Compute isotopologue intensity

[8]:
help(stfi.compute_M0_nl)
print("-" * 79)
help(stfi.compute_M1_nl)
Help on function compute_M0_nl in module seq_to_first_iso.seq_to_first_iso:

compute_M0_nl(formula, abundance)
    Compute intensity of the first isotopologue M0.

    Handle element X with specific abundance.

    Parameters
    ----------
    formula : pyteomics.mass.Composition
        Chemical formula, as a dict of the number of atoms for each element:
        {element_name: number_of_atoms, ...}.
    abundance : dict
        Dictionary of abundances of isotopes:
        {"element_name[isotope_number]": relative abundance, ..}.

    Returns
    -------
    float
        Value of M0.

    Notes
    -----
    X represents C with default isotopic abundance.

-------------------------------------------------------------------------------
Help on function compute_M1_nl in module seq_to_first_iso.seq_to_first_iso:

compute_M1_nl(formula, abundance)
    Compute intensity of the second isotopologue M1.

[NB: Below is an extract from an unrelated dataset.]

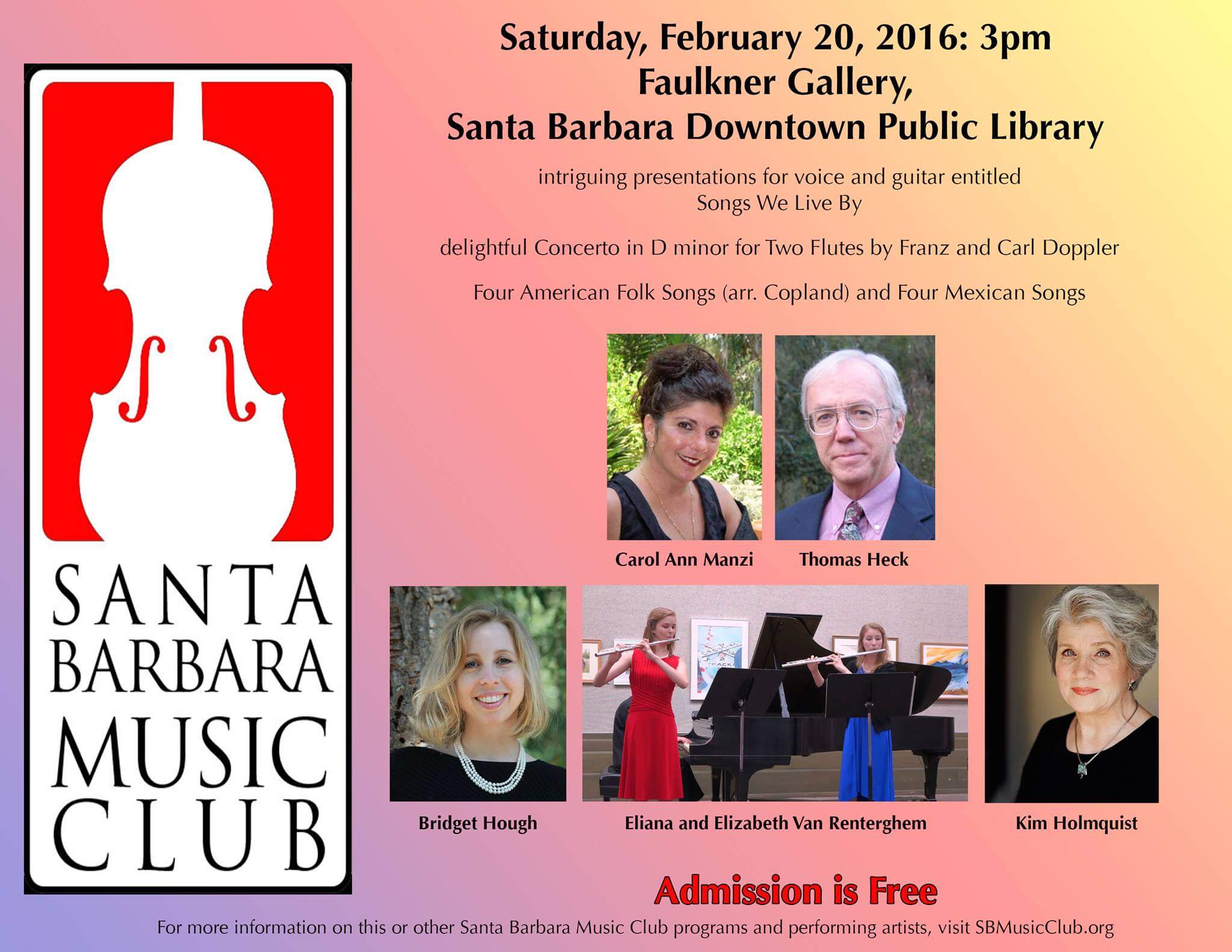 On SATURDAY, FEBRUARY 20 at 3 p.m. the SANTA BARBARA MUSIC CLUB will present another program in its popular series of concerts of beautiful Classical music at Faulkner Gallery in the downtown Public Library.

    Handle element X with specific abundance.

    Parameters
    ----------
    formula : pyteomics.mass.Composition
        Chemical formula, as a dict of the number of atoms for each element:
        {element_name: number_of_atoms, ...}.
    abundance : dict
        Dictionary of abundances of isotopes:
        {"element_name[isotope_number]": relative abundance, ..}.

    Returns
    -------
    float
        Value of M1.

    Notes
    -----
    X represents C with default isotopic abundance.

[9]:
# Compute M0 with natural carbon.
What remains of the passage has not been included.